> [RECORDS FOR THE TASK]
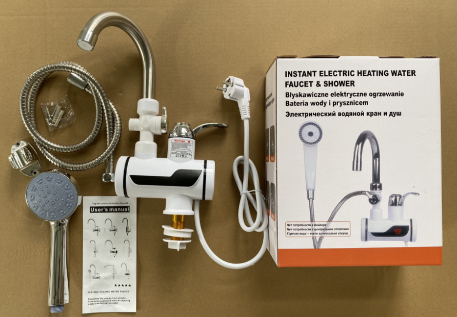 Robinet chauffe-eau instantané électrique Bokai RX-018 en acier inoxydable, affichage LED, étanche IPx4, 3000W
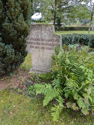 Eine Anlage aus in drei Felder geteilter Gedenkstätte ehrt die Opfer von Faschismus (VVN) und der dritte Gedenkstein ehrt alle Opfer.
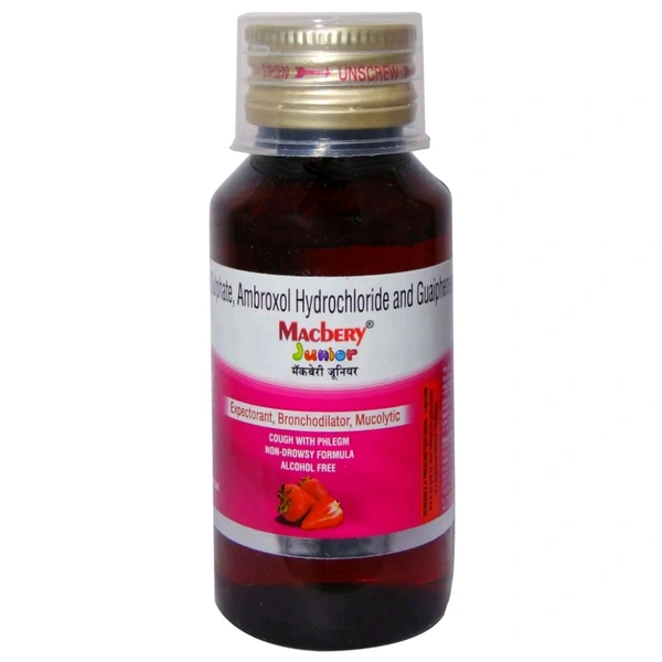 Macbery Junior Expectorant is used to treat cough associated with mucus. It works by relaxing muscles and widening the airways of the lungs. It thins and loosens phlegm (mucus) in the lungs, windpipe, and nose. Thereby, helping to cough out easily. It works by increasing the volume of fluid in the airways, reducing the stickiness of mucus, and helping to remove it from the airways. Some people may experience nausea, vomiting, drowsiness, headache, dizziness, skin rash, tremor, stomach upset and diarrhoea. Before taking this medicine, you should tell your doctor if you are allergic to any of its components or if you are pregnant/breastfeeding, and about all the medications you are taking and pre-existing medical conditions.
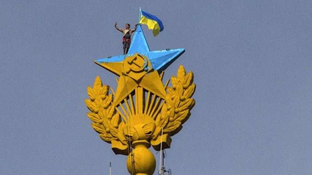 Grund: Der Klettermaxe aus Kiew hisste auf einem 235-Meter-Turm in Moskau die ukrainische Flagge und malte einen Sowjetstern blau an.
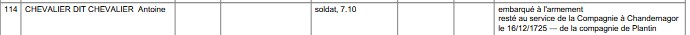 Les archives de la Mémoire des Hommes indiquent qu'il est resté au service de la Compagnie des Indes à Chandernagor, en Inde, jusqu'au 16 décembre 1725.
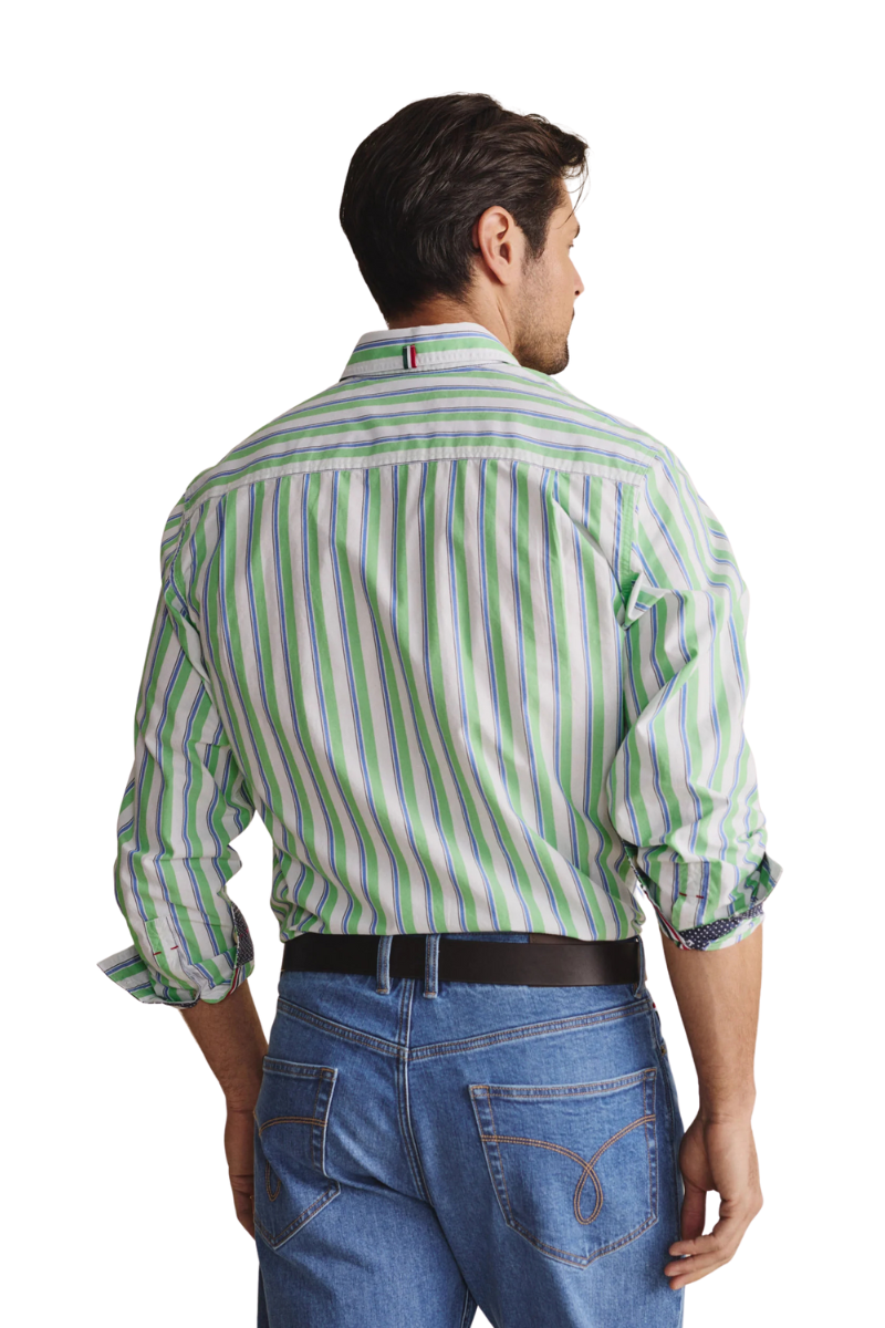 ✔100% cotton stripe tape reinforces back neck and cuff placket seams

> [EXERCISE REQUIREMENTS] All of the data needs repeating exactly, but the pictures do not.

> [ANSWER SPACE]
 Robinet chauffe-eau instantané électrique Bokai RX-018 en acier inoxydable, affichage LED, étanche IPx4, 3000W
 Eine Anlage aus in drei Felder geteilter Gedenkstätte ehrt die Opfer von Faschismus (VVN) und der dritte Gedenkstein ehrt alle Opfer.
 Macbery Junior Expectorant is used to treat cough associated with mucus. It works by relaxing muscles and widening the airways of the lungs. It thins and loosens phlegm (mucus) in the lungs, windpipe, and nose. Thereby, helping to cough out easily. It works by increasing the volume of fluid in the airways, reducing the stickiness of mucus, and helping to remove it from the airways. Some people may experience nausea, vomiting, drowsiness, headache, dizziness, skin rash, tremor, stomach upset and diarrhoea. Before taking this medicine, you should tell your doctor if you are allergic to any of its components or if you are pregnant/breastfeeding, and about all the medications you are taking and pre-existing medical conditions.
 Grund: Der Klettermaxe aus Kiew hisste auf einem 235-Meter-Turm in Moskau die ukrainische Flagge und malte einen Sowjetstern blau an.
 Les archives de la Mémoire des Hommes indiquent qu'il est resté au service de la Compagnie des Indes à Chandernagor, en Inde, jusqu'au 16 décembre 1725.
 ✔100% cotton stripe tape reinforces back neck and cuff placket seams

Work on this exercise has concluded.